Food captures the zeitgeist of a culture, since different food items can be powerful expressers of values and beliefs. For cultures around the world, food is inseparable from human history. Some of the most iconic food art was painted during ancient Greek and Roman times, the depiction of great banquets sending messages of health, wellbeing and privilege.
Food art goes back a long way and although it’s more commonly seen in photography and still life painting, food has always been an exciting material for conceptual artists, who see its perishable nature as something to be experimented with. Fresh fruit and vegetables are especially interesting since they add a temporal dimension to art installations.

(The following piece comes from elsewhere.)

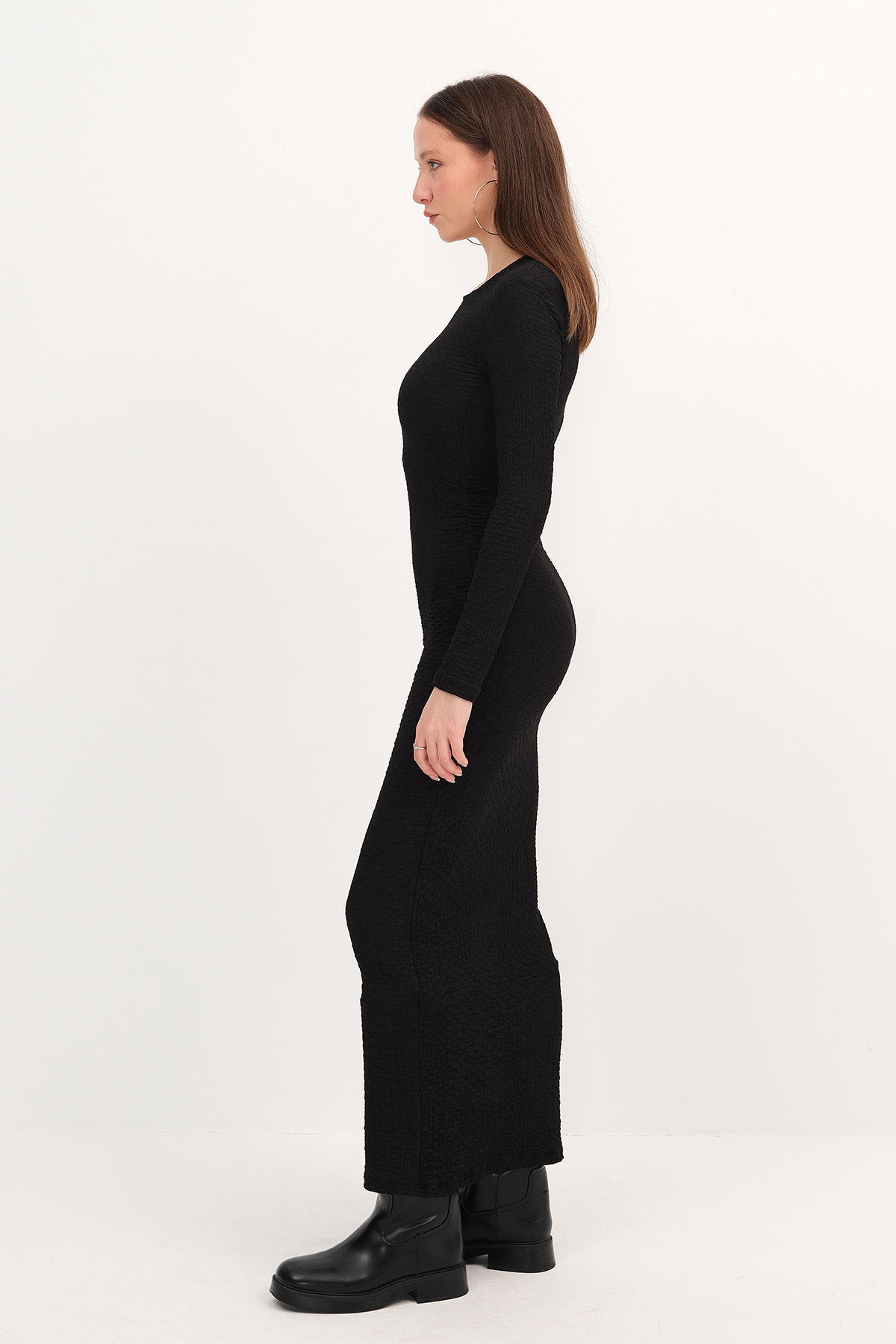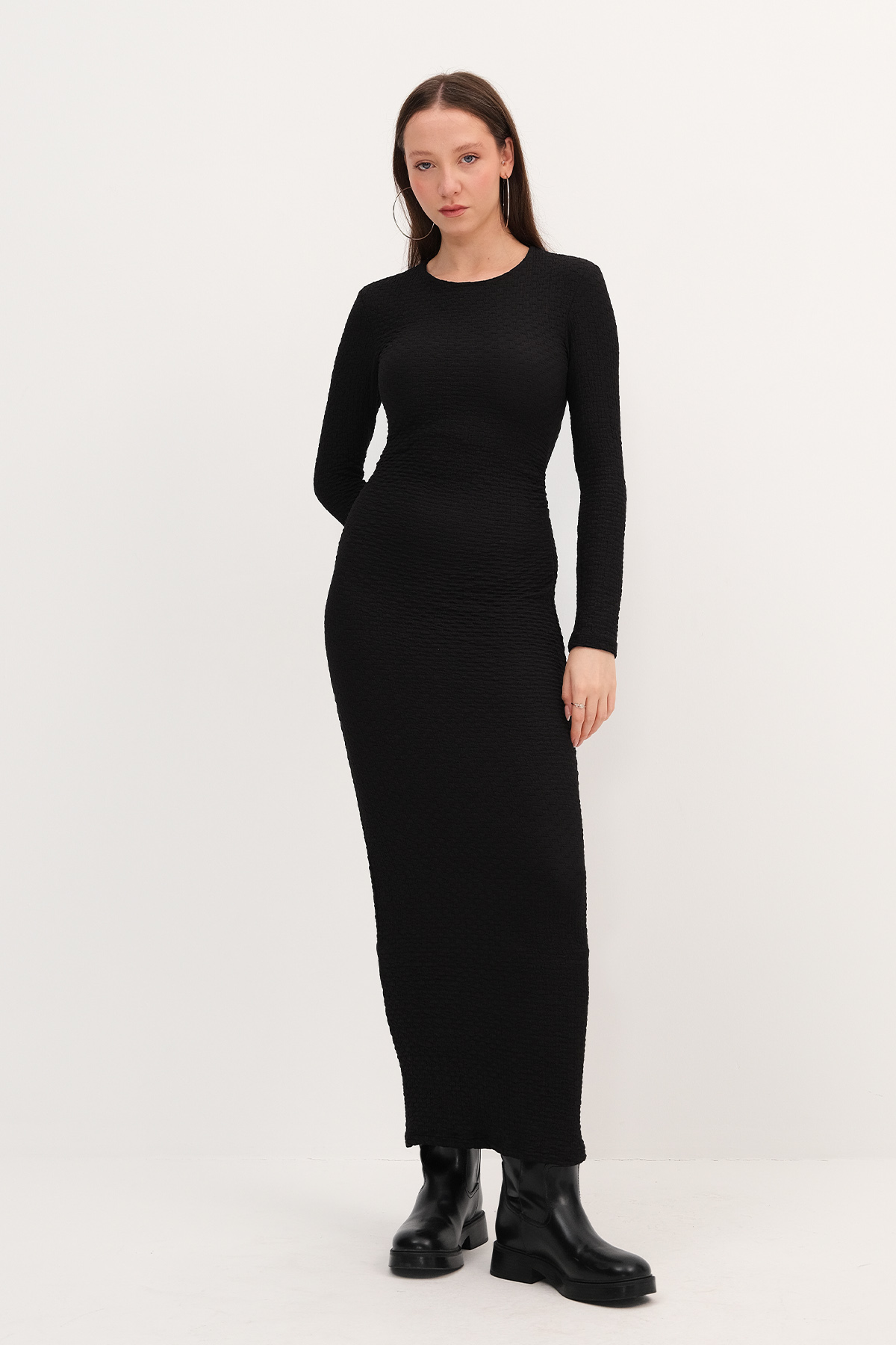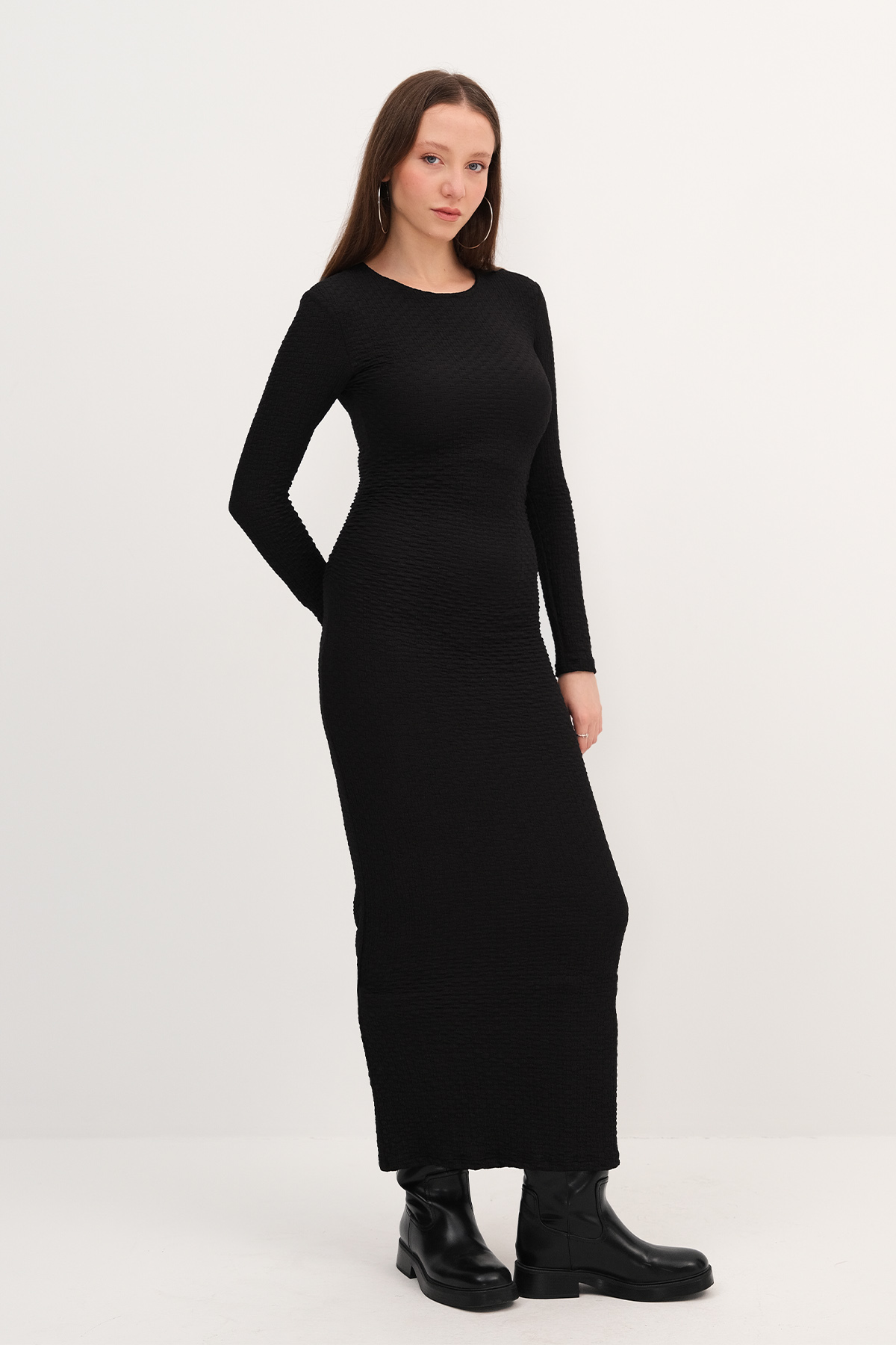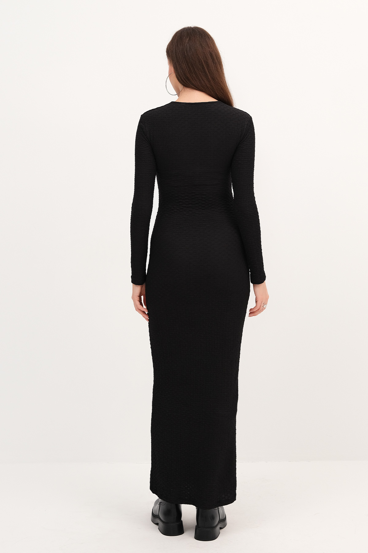 * Bisiklet yaka, uzun kollu,* Vücudu saran, düz renk,* Dokulu, büzgülü,* Astarsız uzun elbise,* Ürün içeriği: %90 Polyester %10 Elastan* Manken üzerindeki ürün 36/S bedendir.* Numune beden ölçüleri: Boy: 133 cm Göğüs: 33 cm Kol boyu: 57 cm (1-3 cm değişiklik gösterebilir)* Ürün çekimlerinde renkler, ışık farklılığından dolayı değişkenlik gösterebilir.

The recent conceptual artwork, The Comedian, by Italian artist Maurizio Cattelan caused a huge stir and was dubbed by the media as “The $120 000 Art Basel Banana.” The work was a ripe banana duct taped to a wall. For art critics its genius was in drawing out the mainstream media’s suspicion that “all contemporary art is a type of emperor’s new clothes foisted on rich people.” During its installation, another artist, David Datuna walked up to the banana and ate it, and that caused another huge stir. Afterwards he commented: “Art performance by me. I love Maurizio Cattelan artwork and I really love this installation. It’s very delicious.” Duchampian in nature, it’s the ridiculousness critics say this food art was all about.
Roy Lichtenstein is perhaps one of the most iconic food artists yet. His screen print Sandwich and Soda parodied American advertising conventions and commented on industrialisation and patriotism of the time. Andy Warhol also used food items in his prints, except he believed that mass-produced products were a great equaliser for everyday people. It’s with this in mind that art historians believe he endlessly reproduced Campbells Soup Cans.